Carbon removal financier Altitude has signed an agreement with Empacar S.A., one of Bolivia’s largest industrial companies, for the purchase of over 305,000 tonnes of biochar carbon dioxide removal. The credits will be generated via Empacar’s Bolivia-based biochar production facilities, issued under Puro.earth or equivalent methodologies, with the first credits expected in 2027.

Who Is Empacar?

Empacar isn’t a climate startup. It’s a major Bolivian industrial player with decades of experience in circular materials management — the kind of company that understands supply chains, feedstock logistics, and long-term operations. It’s now launching Carbon X, a dedicated business unit focused on climate innovation and voluntary carbon market participation.

The biochar production will be based in the Ascención de Guarayos region of Bolivia, converting forestry and agricultural residues into carbon-storing biochar. The facility is designed for approximately 70,000 tonnes of CO₂ removal annually at full capacity. The Altitude deal represents a multi-year offtake commitment that helps justify the capital investment.

This isn’t Bolivia’s first CDR move. Empacar recently partnered with Puro.earth, Cula, and Bioflux on a separate biochar initiative — the Altitude deal is a direct commercialization of that production capacity.

Altitude’s South American Strategy

Altitude is building a geographically diversified portfolio of high-quality CDR credits, with particular focus on South America, South East Asia, and West Africa — regions with abundant biomass feedstocks, lower production costs, and significant co-benefits for local communities and economies.

This isn’t their first South American bet. Last year, Altitude locked in 165,000 tonnes of biochar carbon removal in Argentina. Combined with the Bolivia deal, they’re building serious scale in the region.

CEO Daniel Benjamin Schulz framed the deal explicitly in terms of regional development: “by sourcing CORCs from high-quality biochar projects in Bolivia, the company contributes to critical waste management and growth in these highly important regions.”

Why This Matters Beyond the Numbers

The CDR market has a geographic concentration problem. Too much of the discussion — and too much of the capital — flows through North America and Northern Europe.

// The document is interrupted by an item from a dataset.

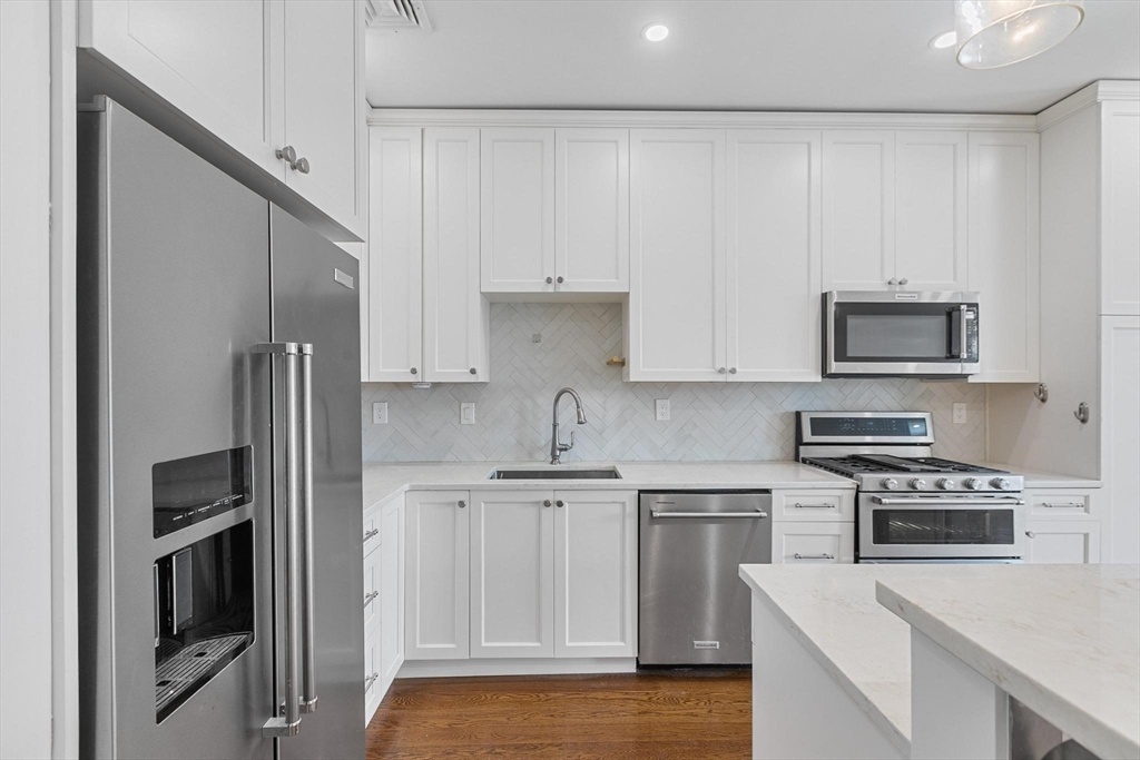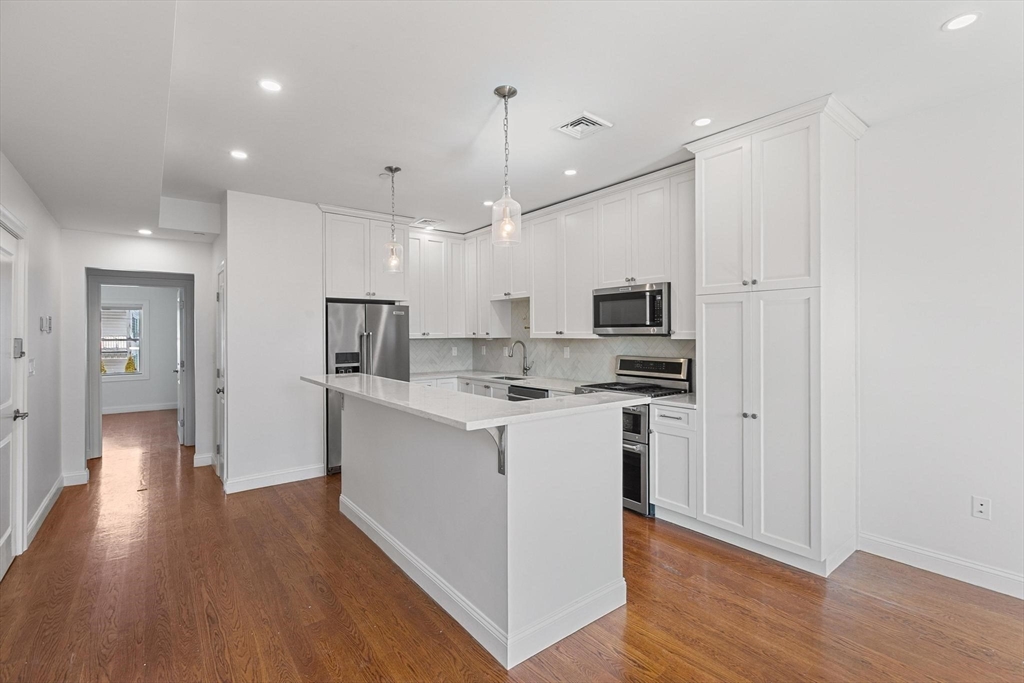 Fully reimagined in 2023, 318 Princeton St #201 offers elevated city living in East Boston. This 2BR, 1BA home plus dedicated office is anchored by a stunning entertainer’s kitchen featuring custom cabinetry, quartz countertops, stainless steel appliances, an oversized island, and striking herringbone tile backsplash. The open layout flows seamlessly into the living area, ideal for hosting and everyday enjoyment. A spacious primary bedroom offers a comfortable retreat with ample closet space. The beautifully renovated bath showcases artfully laid herringbone tilework in the shower. A private outdoor space designed for entertaining, in-unit washer/dryer, and a pet-friendly association complete this turnkey home close to transit, dining, and the waterfront.

The actual biomass feedstock potential, land availability, and cost competitiveness often points elsewhere.

Bolivia, specifically, has conditions that favour biochar at scale:

  • Large-scale forestry and agricultural operations generating organic residues
  • Lower land and labour costs than comparable operations in Europe or North America
  • A growing policy interest in voluntary carbon markets — Empacar announced this deal at the 2026 Bolivia Carbon Forum, which signals government-level engagement
  • Existing industrial infrastructure that can be repurposed

For buyers of CDR credits, geographic diversification is also valuable. Credits from Bolivia versus Sweden versus the US have different co-benefit profiles and different regulatory/political risk exposures. Portfolio-level thinking favours spreading across regions.

The 2027 Credit Timeline

First credit issuance in 2027 gives Empacar time to complete facility development and go through Puro.earth’s verification process. For Altitude and its eventual buyers, the 2027+ delivery timeline aligns with how most serious CDR buyers are thinking about their post-2030 removal requirements.

The voluntary market is building supply chains in parts of the world the industry barely noticed two years ago. That’s what genuine scale looks like.